We have presented a detailed study of end-to-end distance distribution functions P(R) in a model for short double-stranded DNA, aimed at understanding the implications of bending and stretching fluctuations for the interpretation of results from molecular ruler and similar experiments. We show that obtaining accurate fits to the experimental data requires that we account for local fluctuations in bending rigidity, although stretching is, however, indeed necessary to shift the mode of the distribution to larger values than contour length estimates would suggest. Our results allow us to quantify, within reasonable estimates for parameter values, the interplay of the relative contributions of bending and stretching for DNA strands across multiple scales. We can thus rule out interpretations of the experimental results of MDH, which assume that the DNA molecule is relatively rigid, with highly suppressed bending fluctuations, at these scales. We report a detailed study of the moments of the distribution function in the presence of both bending and stretching fluctuations, showing how characteristic features in these may be used to discriminate between different proposals for the configurations of short double-stranded DNA.

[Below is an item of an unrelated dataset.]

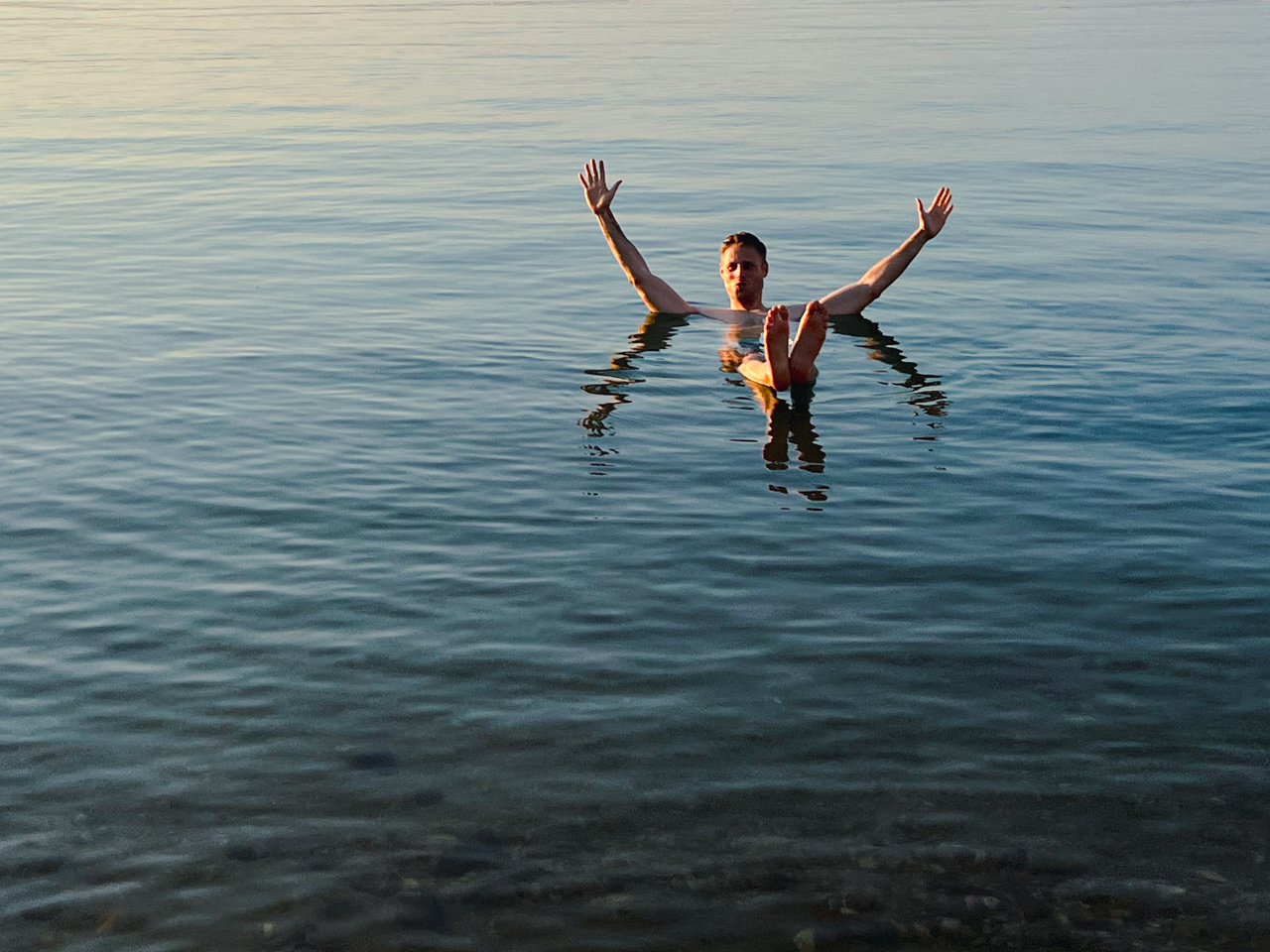 Comme tout le monde, on est venu jusqu’ici pour vérifier si c’est bien vrai, que l’on flotte dans la Mer Morte. Ce que tout écolier a appris à l’école, on veut en avoir le coeur net. L’eau est un peu fraiche, elle doit être autour de 22°C, il faut un peu de courage pour se jeter dedans mais notre esprit scientifique prend le dessus. On fait bien attention à ne pas mettre d’eau dans les yeux, puis on se tourne sur le dos, et oui c’est donc bien vrai, on flotte sans effort ! Même en levant les mains et les pieds hors de l’eau, en restant immobile, on a le corps qui reste au niveau de la surface.

The experiments of both CW and of MDH have been critically assessed (22,31,32). Although (31) sees no anomalous enhancement in cyclization in experiments on chains of similar length, attributing the CW results to a lack of equilibration between circularization and dimerization in the ligation experiments, their specific experimental conditions do not appear to fully replicate those of CW. In particular, the large enthalpic factors crucial to the cost of defect formation are much enhanced at the closer-to-physiological temperatures at which the CW experiments were performed (33,34). The Vafabakhsh-Ha experiments see the same anomalous increase in flexibility as CW, as inferred via an approximately length-independent behavior of the cyclization probability for short chains (see (17,18,29) for predictions of this behavior). Overall, the broad experimental situation appears to be consistent with the view that fairly short DNA strands have larger angle bending fluctuations than a naive WLC-based theory would predict.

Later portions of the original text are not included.